An I-message has the following parts:
- I feel (state the emotion)
- When (state the specific behaviour)
- Because (state the effect the behaviour has on your life)
- I want (state what you want to happen)
Here are the steps to follow when giving someone an I-message:
- Say the person's name.
- Tell them how you feel.
- Tell them why you feel the way you do.
- Say what you want to happen.
When giving an I-message, fill in the blanks as appropriate:
______, I feel ______when ______because ______. Please, I want ______.
Examples:
- Bill, I feel angry when I'm teased about my weight because it hurts my feelings. Please I want you to stop teasing me.
- Sue, I feel sad when rumors are spread about me because they are not true. Please I want you to stop spreading rumors about me.
- “Janet, I feel angry when you come into my room without knocking because I don’t have any privacy. I want you to knock first.”
Assignment #1
Instructions:Create “I-messages” for the following situations:
- You arrive home from school and find your sister wearing your new sweater.
______, I feel ______when ______because ______. Please, I want ______.
- You make an appointment to get extra math help after school. Just as your teacher starts to give you instructions, another student bursts into the room and interrupts.
- Your boyfriend/girlfriend gets mad at you when you talk to other people.
- You are given more chores to do at home than your brother.
- An acquaintance is spreading gossip about you that is not true.
- Create your own communication situation:
______, I feel ______when ______because ______. Please, I want ______.
Assignment #2
Avenues and Roadblocks
Read the following four (4) scenarios. For each of them:
a)Identify it as showing either a Roadblock or an Avenue to communication.
b)Identify WHICH avenue or roadblock is being illustrated
c)Justify your answer in one or two sentences.
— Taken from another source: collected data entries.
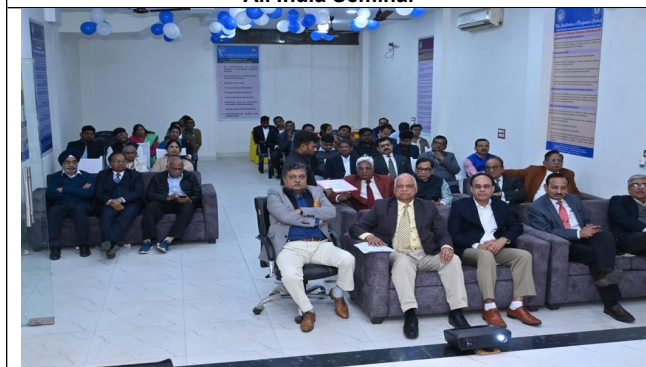
View of Delegates
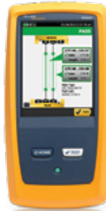
More on page 21
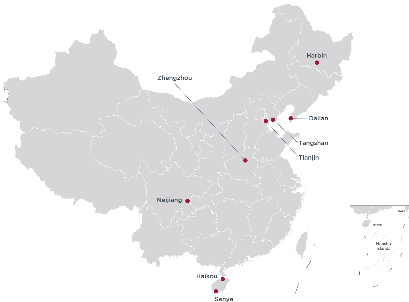
Figure 1 Geographical spread of the bus fleets in this study

THE INTERNATIONAL COUNCIL ON CLEAN TRANSPORTATION THEICCT.ORG
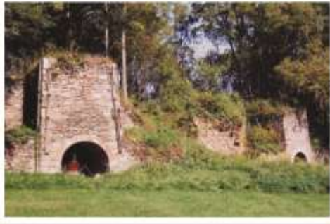
Cromwell Valley historic lime kiln

2. Saturday, April 9, Birding at Cromwell Valley Park, 8:30 A.M. -12 Noon. We will look for early spring migrant birds as well as scope out the ducks on Loch Raven Reservoir. Meet at the Willow Grove parking area.
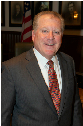
Mayor George A. Pandaleon
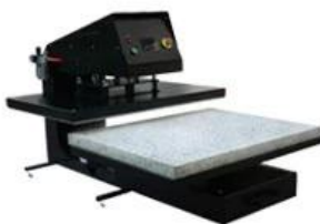
Pneumatic Large Format Draw-out Heat Press Item No.: APHD-40 Heat Platen Size: 75x105cm
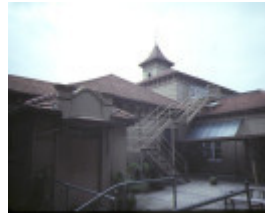
matthew flinders school number 8022 myers street geelong rear view
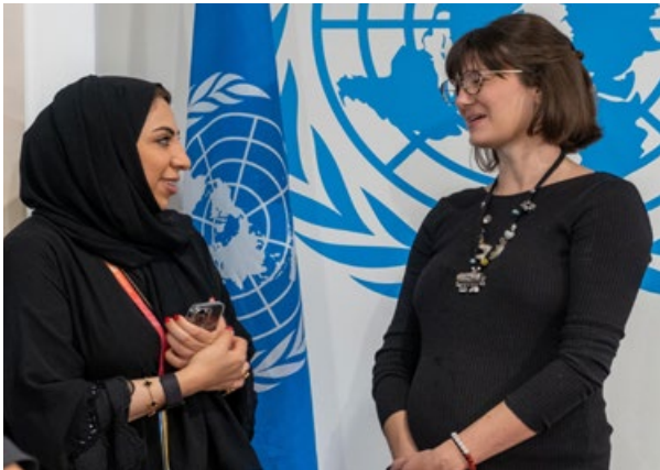
A procurement practitioner and a business owner in discussion at the “Meet the Buyer” event at Expo 2020 Dubai, March 2022.
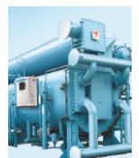
Hot Water Fired Chillers

For more information, please get in touch with your nearest Thermax representative. You can also mail us at SteamEngineering@thermaxglobal.com or visit us at : www.thermaxglobal.com .
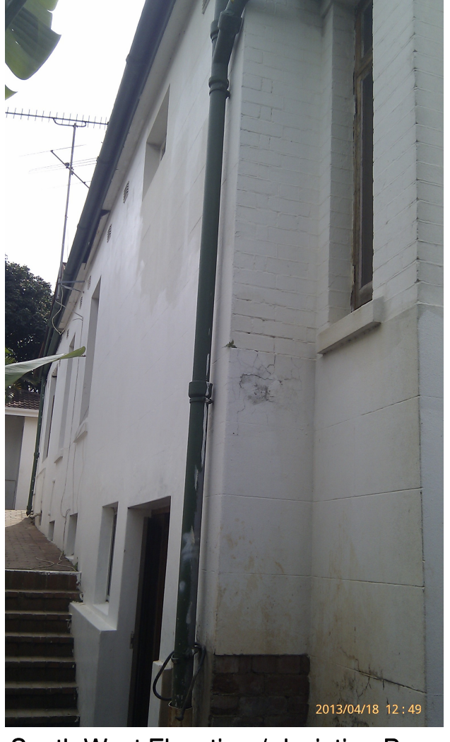
South West Elevation / deviation B
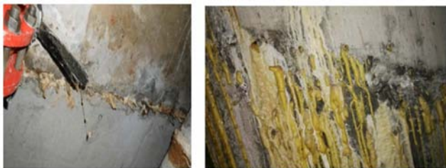
Figure 4. Roof and sidewall grouting.

According to the field investigation, grouting is mainly used to stop water in the early stage of emergency. The leakage points (including deformation joints) are grouted first, and then flexibly protected by polymer sealing materials, which are mainly used for roof and side walls, as shown in figures 4 and 5. According to the engineering geological conditions and the actual situation of structural seepage, the practical application effects of various grouting materials are compared. In the early stage of grouting, grouting materials including single-liquid foaming water-stop agent, polyurethane water-stop agent and rapid water-stop agent are mainly used. After their interaction with water, the grouting materials can rapidly expand and plug the cracks to achieve the purpose of water-stop.
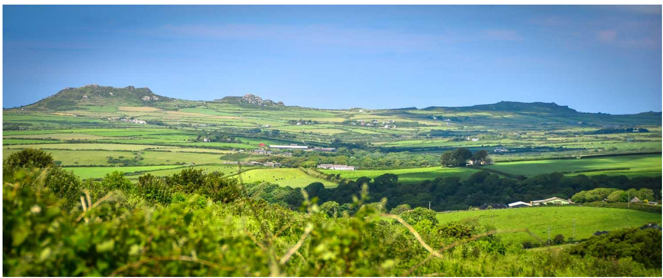
The ridges and tors of the coastal area near Strumble Head

- Brian was feeling very strange. How could the Jamesons move away? What’s worse, how could they sell their house to one of those families? He’d never met someone from their culture before, but he’d heard all about them: they smelled like garlic, they were mostly into construction. Not like most people in the neighbourhood, and they looked like they were greasy. How gross! As he stood there, a young man in jeans, a T-shirt and a gold chain around his neck walked out of the house, looked at him and smiled. “Hi”, he said. Brian just turned around and walked away.
- Rob was furious. How could Anna disagree with him? He had said at the start of the relationship that if she ever disagreed, she should tell him, but he had never really expected that she would. If she had a difference of opinion with him now, what would happen if they ever got married? “My mom always does what Dad tells her to do”, he thought to himself. “That’s the way it’s suppose to be. That’s it. It’s my way or no way.”
- Kevin stared in disbelief. “How could the boss hire one of them? Is he nuts?” The new man sat down at this desk and began to unload his belongings into the drawers. Suddenly, something struck Kevin deep down inside. He remembered his grandfather telling him what it had been like fifty years earlier when he had been the first Englishman in the accounting firm – the looks … the comments behind his back. Ted got up and walked over to the new man. He extended his hand and said: “Hi, I’. Kevin.”
- Maria had had a number of lousy relationships in the past five years. She just kept getting involved with people who would eventually hurt her. How could they all do this to me? She sat in her apartment alone, sipping on a bottle of Jack Daniels. “That’s it”, she thought. “Forget relationships, forget friends, and forget everybody. I’m never going to let anyone hurt me again!” She put on her coat, slammed the door behind her and she left and headed for the library. In the hallway she saw a guy from the office. “How are you doing?” he asked. “You look kinf of down. You want to go for a coffee and talk about it?” “Leave me alone,” she shouted. “Why the hell should you care? There’s no point in trusting anyone.”